From within a script file, the 'module' keyword registers a new module with Bro's core and the 'export' block defines global changes Bro should make to accommodate the new module being defined. Usually, the code in the rest of a module script is used to set values in the module's record (often for logging) or to accomplish other tasks the module intends to provide.

To find the names of all modules in your version of Bro, try running the following command in the directory %BRO_PREFIX%/share/bro
grep -R '^module' ./* | cut -f2 -d':' | sort | uniq

Intro to Brogramming - Events

Bro is event driven. When something happens on the network, Bro's core will raise an event and execute all the code blocks from scriptland associated with that event. Just as Bro has built in functions available for brogrammers to use, Bro has built in events. These built in events cover most of the things a network operator would want to know about (again, the magic of the BSD license allows you to extend Bro as you see fit).

I'm not going to write any code examples for built in events as Liam Randall already has done an excellent job of doing that. His Github page has Bro scripts that keep tallies of the number of events that fire while Bro runs. Read through the scripts and try to understand them. They are repetitive as they do the same thing for each event.

In reality, Laim's fire scripts are great for understanding how Bro works, but are too simple to give any great insight into what is happening on the network. Pick an event he included from a file, an easy one you can easily generate (like dns_request) and replace his code block with your own. Here's an example something I want Bro to do when it sees a DNS request.

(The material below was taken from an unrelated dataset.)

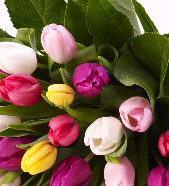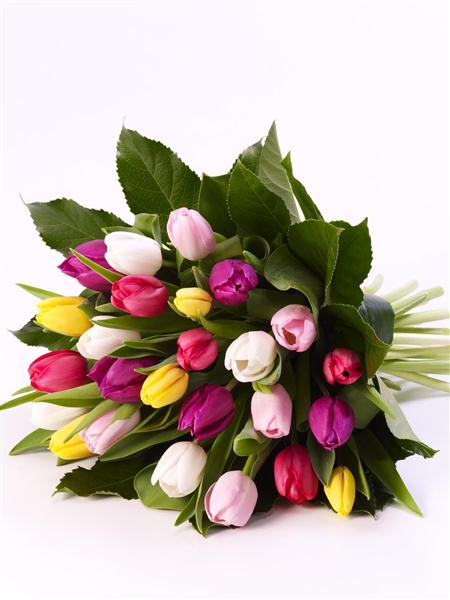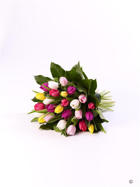A beautiful selection of tulips in mixed colours are tied together with fatsia and aspidistra leaves to create this unusual Tulip sheaf.

event dns_request(c: connection, msg: dns_msg, query: string, qtype: count, qclass: count)
{
    print fmt("DUDE! I just saw some bro query the DNS for %s with a query type of %d and a query class of %d", query, qtype, qclass);
}
Try running this script and writing your own. Add some local variables and calls to built in functions to the event.

Intro to Brogramming - Built in Functions

Defining functions within a script is good and useful, but Bro has very useful functions already built in to C++ core for brogrammers to call from scriptland. These functions, available to Brogrammers from scriptland are called built-in functions.

Being an open source project Bro get contributions left and right from people who extend its functionality. The file located at
/usr/local/bro/share/bro/base/bro.bif.bro has a list of all the functions available for general programming in Bro. /usr/local/bro/share/bro/base/strings.bro.bif has a list of all the string related functions Bro has built in. In fact, you should familiarize yourself with the every .bif (built in function) file in that directory. Alternatively, you can browse the auto-generated documentation those files create by following the hyperlinks.

Bro has functions for doing math, string manipulation, address manipulation, file handling, type conversions, events, all sorts of stuff. Functions and events can be decorated with attributes too. The &priority attribute can be used to set an event's priority in the core's event handling queue. When an event occurs, the core of Bro collects all blocks of code associated with that event and executes them (you could have eight scripts loaded into the running Bro process and all eight scripts could have code blocks associated with a single event). Setting a priority on an event from one of those eight scripts ensures the code block is executed by the core with a higher priority.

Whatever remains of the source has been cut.